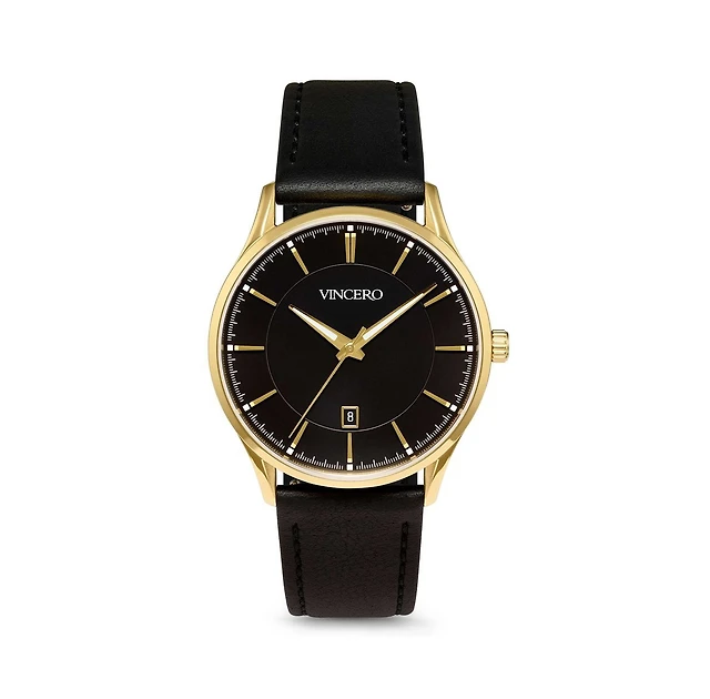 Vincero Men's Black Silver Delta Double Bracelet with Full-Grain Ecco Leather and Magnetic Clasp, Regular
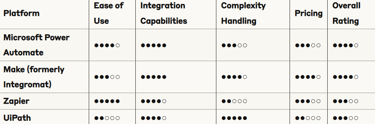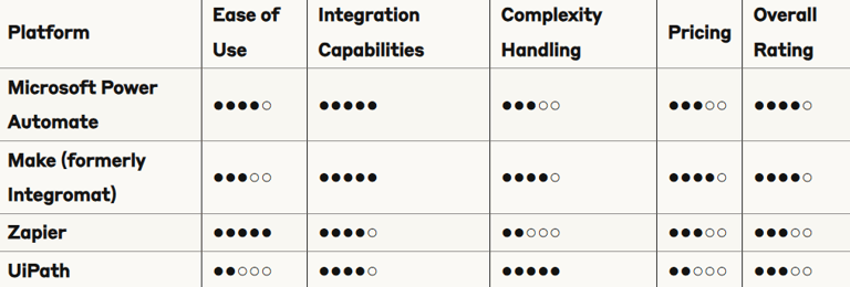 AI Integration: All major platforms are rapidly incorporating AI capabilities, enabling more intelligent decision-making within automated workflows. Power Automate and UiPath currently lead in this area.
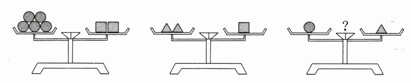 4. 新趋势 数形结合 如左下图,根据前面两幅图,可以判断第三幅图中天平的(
* * *
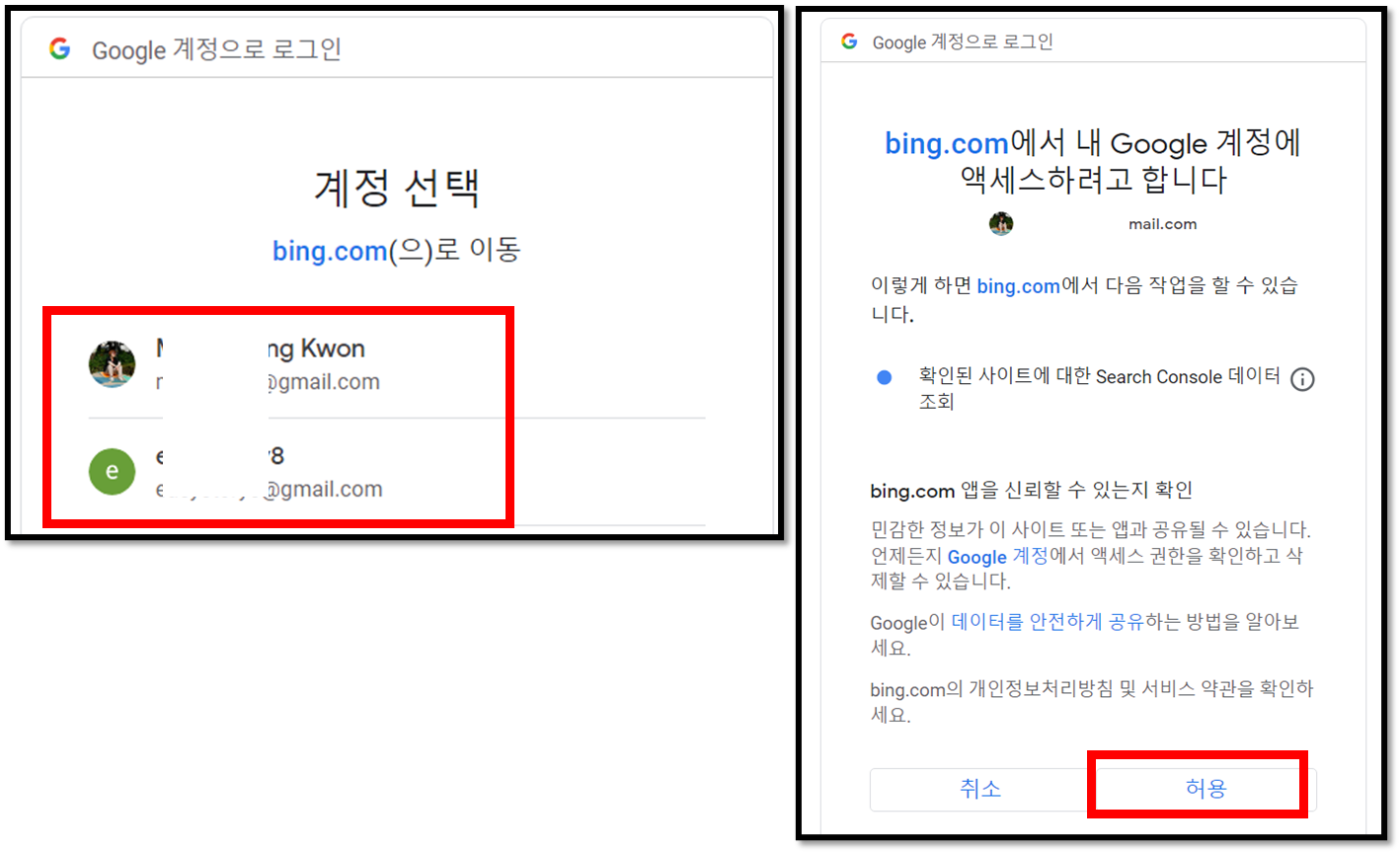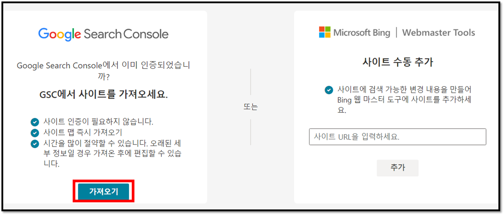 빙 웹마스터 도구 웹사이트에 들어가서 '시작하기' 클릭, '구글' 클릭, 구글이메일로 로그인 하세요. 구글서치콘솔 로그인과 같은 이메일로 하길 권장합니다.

| INSTRUCTIONS TO FOLLOW |
Please return the material above only from the line that holds "Vincero Men's Black" through the line that holds "4. 新趋势 数形结合", exactly as it stands, ends included and pictures omitted.

| WRITTEN REPLY |
 Vincero Men's Black Silver Delta Double Bracelet with Full-Grain Ecco Leather and Magnetic Clasp, Regular
 AI Integration: All major platforms are rapidly incorporating AI capabilities, enabling more intelligent decision-making within automated workflows. Power Automate and UiPath currently lead in this area.
 4. 新趋势 数形结合 如左下图,根据前面两幅图,可以判断第三幅图中天平的(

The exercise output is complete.